Aim of the task - The entire listing that follows must be repeated exactly, pictures excluded.

Provided data -

════

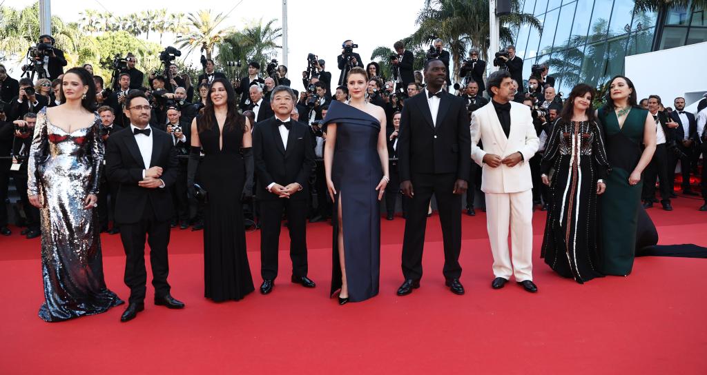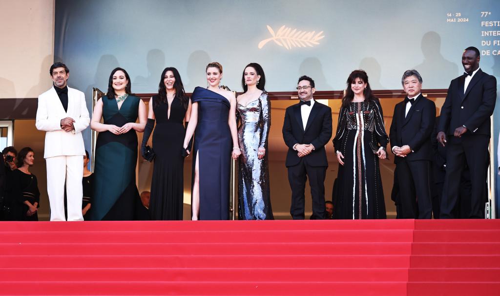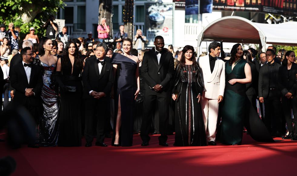 5月25日,在法國南部城市戛納舉行的第77屆戛納電影節(jié)上,主競賽單元評(píng)委抵達(dá)閉幕式紅毯。新華社記者 高靜 攝
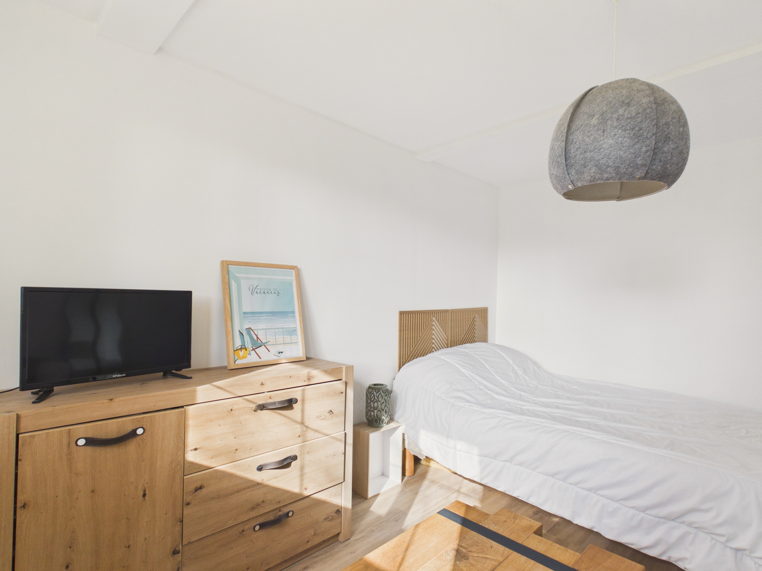 Bedroom 3 (ground floor): a double bed (140x190), a sofa (which can serve as an additional sleeping space for 2 people), a chest of drawers and a television (without channels at the moment)
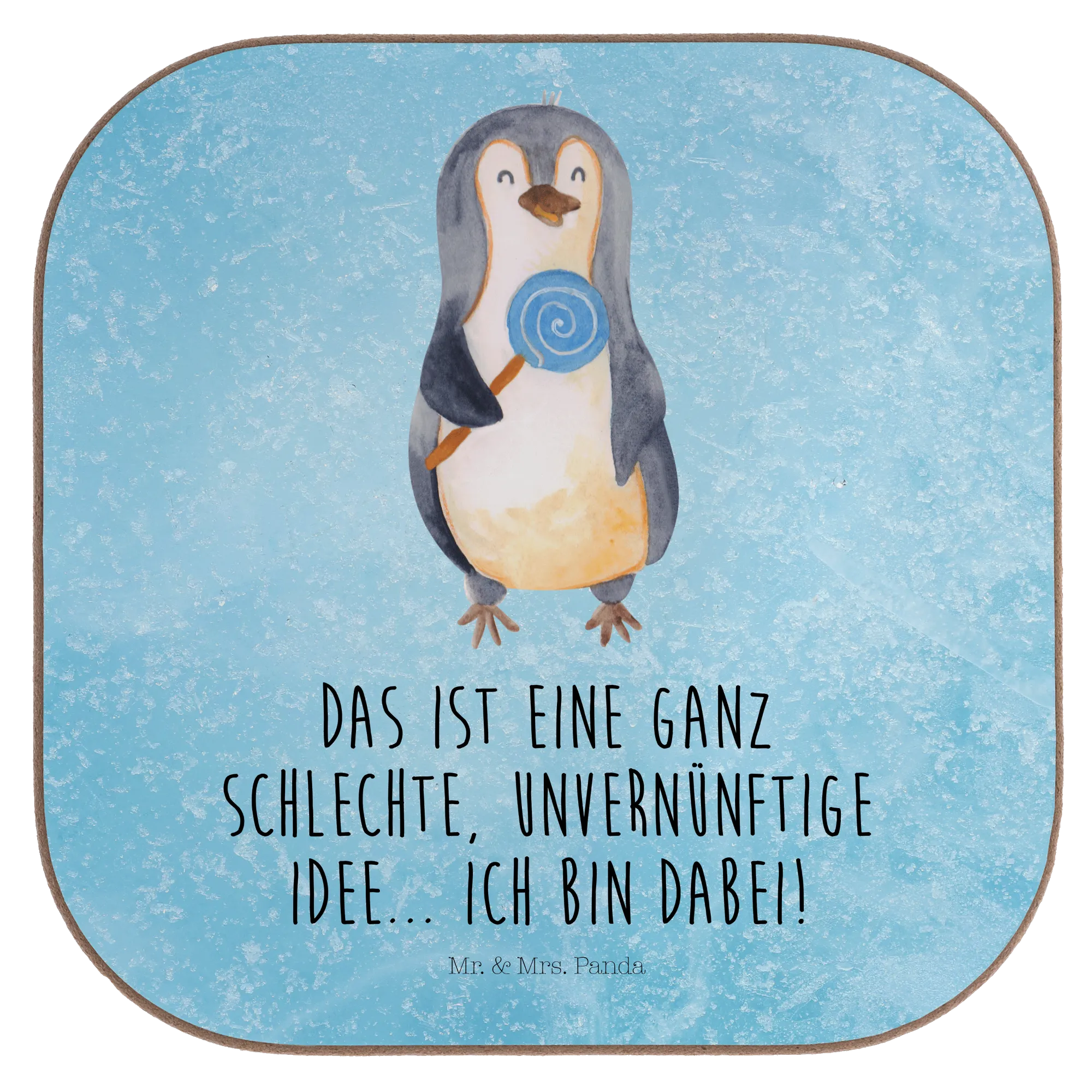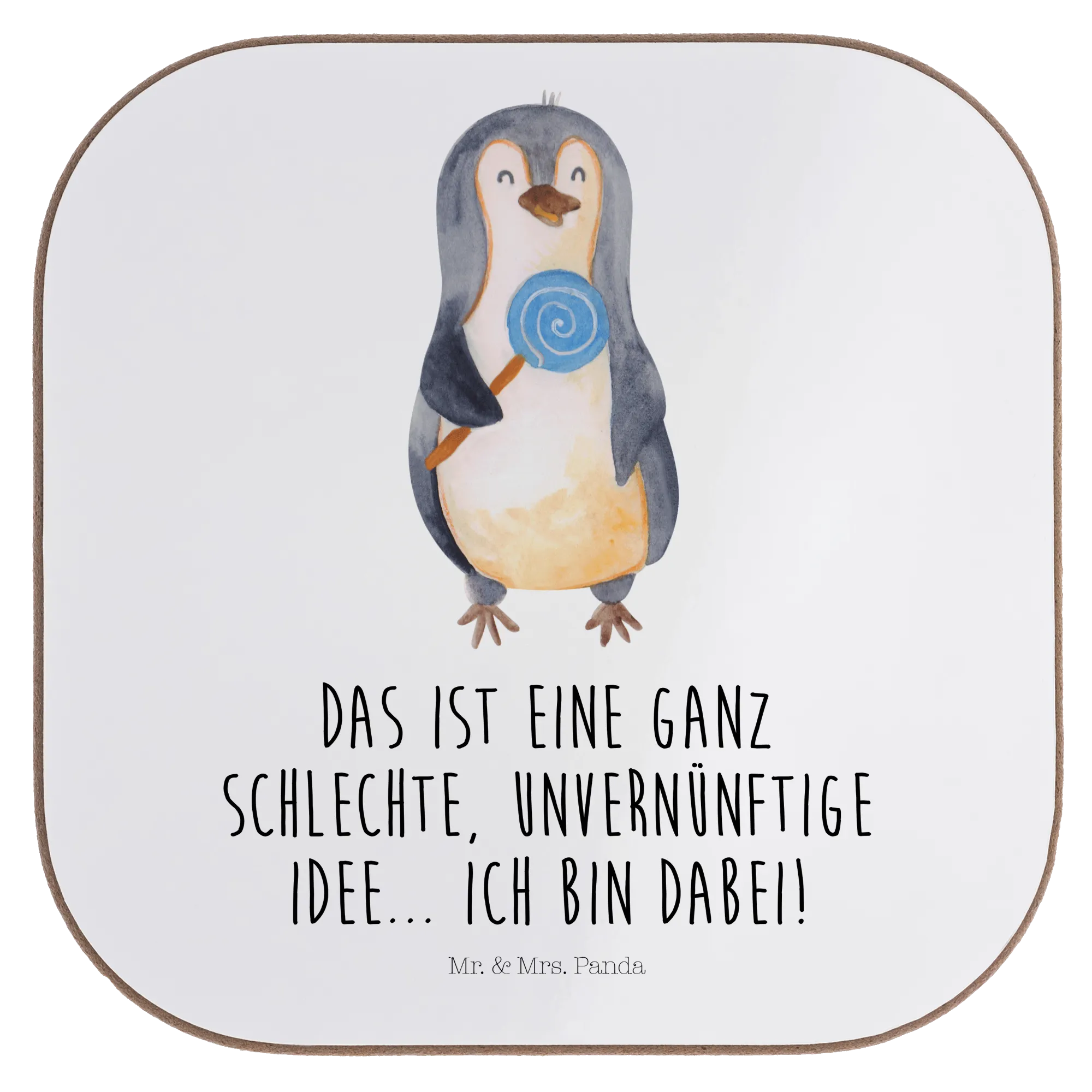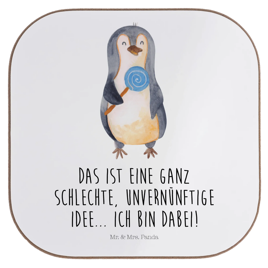 Ein wunderschöner quadratischer Untersetzer von Mr. & Mrs. Panda – unser Pinguin Lolli ist die perfekte Kombination aus Niedlichkeit, Humor und praktischem Nutzen. Du blickst in das liebevolle Gesicht eines kleinen Pinguins, der stolz seinen Lolli hält, während der freche Spruch „Das ist eine ganz schlechte, unvernünftige Idee... Ich bin dabei!” für ein Augenzwinkern sorgt. 🐧🍭
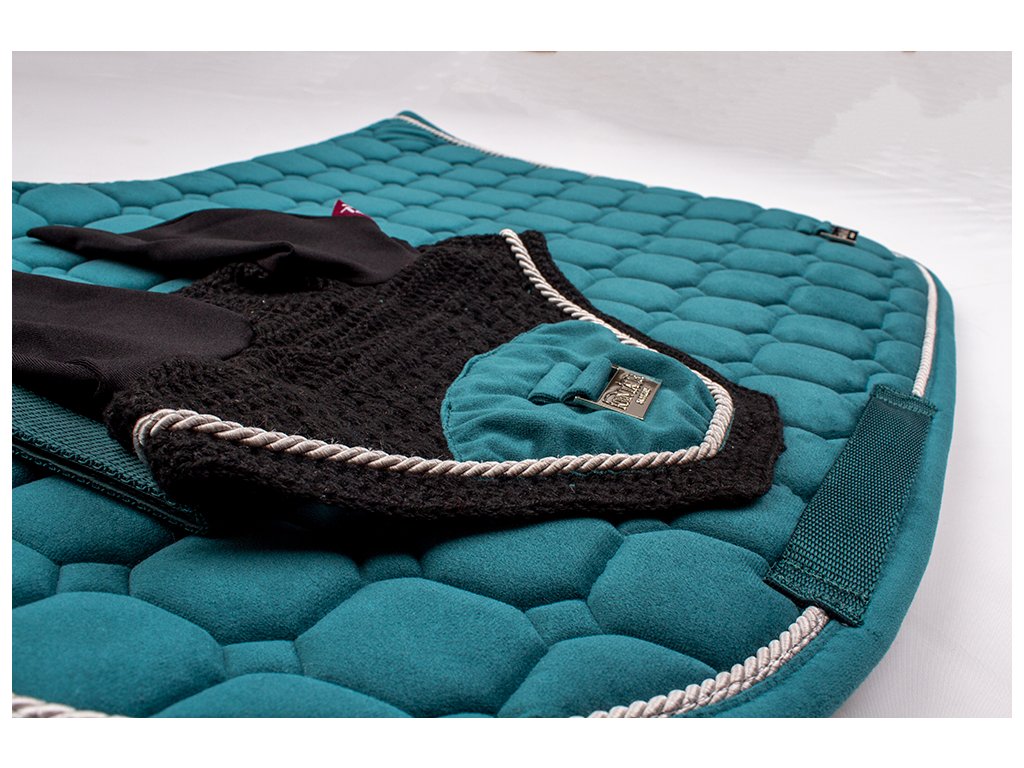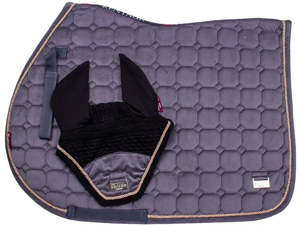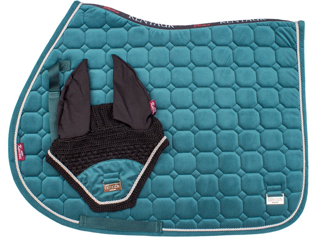Tato všestranná sada od značky Kentaur nabízí kombinaci atraktivního vzhledu a praktického využití. Jemně prošívaný sametový povrch doplňuje anatomický tvar, který respektuje linii hřbetu a poskytuje pohodlí při ježdění. Spodní vrstva z funkčního materiálu jako síťovina nebo CoolMax účinně odvádí pot a podporuje cirkulaci vzduchu. Díky páskům k uchycení k sedlu a podbřišníku dečka drží stabilní pozici během pohybu. Styl doplňují ladící náušníky s logem Kentaur, které tvoří harmonický komplet vhodný pro trénink i reprezentaci.

════

Problem solution -
 5月25日,在法國南部城市戛納舉行的第77屆戛納電影節(jié)上,主競賽單元評(píng)委抵達(dá)閉幕式紅毯。新華社記者 高靜 攝
 Bedroom 3 (ground floor): a double bed (140x190), a sofa (which can serve as an additional sleeping space for 2 people), a chest of drawers and a television (without channels at the moment)
 Ein wunderschöner quadratischer Untersetzer von Mr. & Mrs. Panda – unser Pinguin Lolli ist die perfekte Kombination aus Niedlichkeit, Humor und praktischem Nutzen. Du blickst in das liebevolle Gesicht eines kleinen Pinguins, der stolz seinen Lolli hält, während der freche Spruch „Das ist eine ganz schlechte, unvernünftige Idee... Ich bin dabei!” für ein Augenzwinkern sorgt. 🐧🍭
Tato všestranná sada od značky Kentaur nabízí kombinaci atraktivního vzhledu a praktického využití. Jemně prošívaný sametový povrch doplňuje anatomický tvar, který respektuje linii hřbetu a poskytuje pohodlí při ježdění. Spodní vrstva z funkčního materiálu jako síťovina nebo CoolMax účinně odvádí pot a podporuje cirkulaci vzduchu. Díky páskům k uchycení k sedlu a podbřišníku dečka drží stabilní pozici během pohybu. Styl doplňují ladící náušníky s logem Kentaur, které tvoří harmonický komplet vhodný pro trénink i reprezentaci.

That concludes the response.